A number of alleles display more interesting changes. We first observed that the two alleles in our data with a clear anchor residue in the middle of the motif for 9 mers (HLA-B08:01 and HLA-B37:01) tend to lose this motif with longer peptides (see Fig. 3A, Supplemental Fig. 3A). Publicly available crystal structures of HLA molecules in complex with longer than 9-mer peptides and anchor residues at the second and last positions show that these peptides form a bulge outside of the HLA binding site that can accommodate the additional amino acids, as shown in Fig. 3B. For alleles without anchor residues at middle positions, the presence of the bulge may not dramatically affect the interactions mediated by the anchor residues and has mainly an entropic destabilizing effect. Reversely, in the presence of anchor residues in the middle of the peptide, longer peptides are much more likely to alter their conformation and thus strongly destabilize the interactions mediated by these anchor residues. This observation may explain the loss of binding motifs for longer peptides observed for alleles with anchor residue at position 5.

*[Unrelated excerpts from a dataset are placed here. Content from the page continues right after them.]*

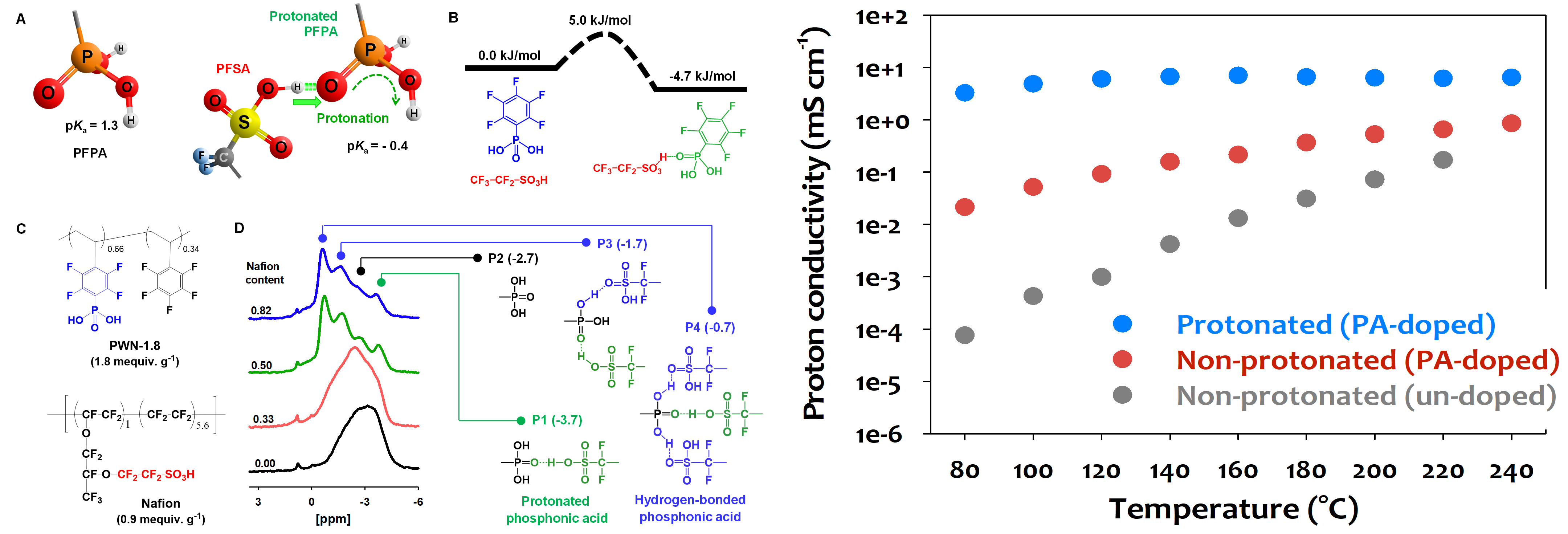 Figure 1. Protonation of poly(phosphonic acid) through blending with poly(perfluorosulfonic acid) ionomers and their properties
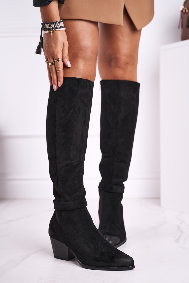 Jesenné a zimné štylizácie nemusia byť nudné. Nezabudnite sa pozrieť na tieto úžasné topánky. Krásna čierna farba v kombinácii so semišovým materiálom vyzerá jednoducho úžasne! Zdobenie pásom okolo členku ich odlišuje od ostatných kozákov. Jemný príspevok zdvihne a odhalí vašu postavu. Uvedenie uľahčí posuvný posúvač na boku. Topánky, ktoré musíte mať. Pri výbere veľkosti nasmerujte tabuľku veľkosti.
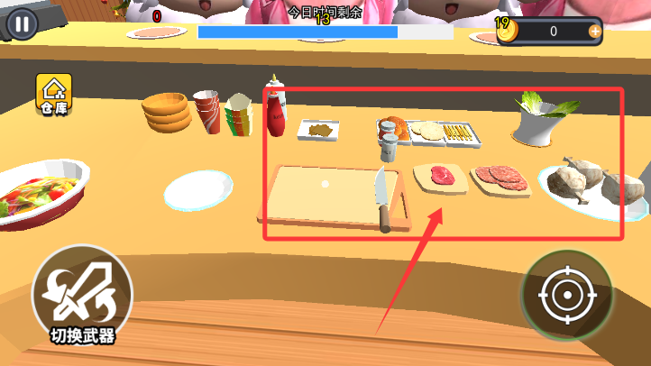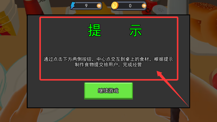 2、閱讀引導(dǎo)說(shuō)明,掌握點(diǎn)擊左右按鍵控制廚房原料的操作方式。

Influence of peptide length on HLA motifs. (A) Motifs showing anchor residues at middle positions for 9 mers in the HLA peptidomics data. For both alleles the motif is not found for 10 mers in the HLA peptidome data (see Supplemental Fig. 3). (B) Structural view of HLA binding site with peptides of different length: 9 mer (green) from Protein Data Bank: 4U1H (40) and 11 mer (orange) from Protein Data Bank: 3VCL (41). The bulge in middle positions for the longer peptide (orange line) is clearly visible, showing that the position of middle residues is less conserved from a structural point of view. The α2-helix has been truncated for visualization. (C) Length dependence of the preference for arginine at position 3 among the predicted ligands of HLA-B07:02. (D) Absorbance ratios from ELISA between peptides with Q (black) or A (dark gray) and those with R at position 3 at times 0 and 24 h. Error bars represent the SD of three independent experiments. At 24 h, 10-, 11-, and 12-mer peptides with A or Q at position 3 are almost fully dissociated, whereas those with R at position 3 show stable binding. (−) indicates negative control, and (+) indicates positive control.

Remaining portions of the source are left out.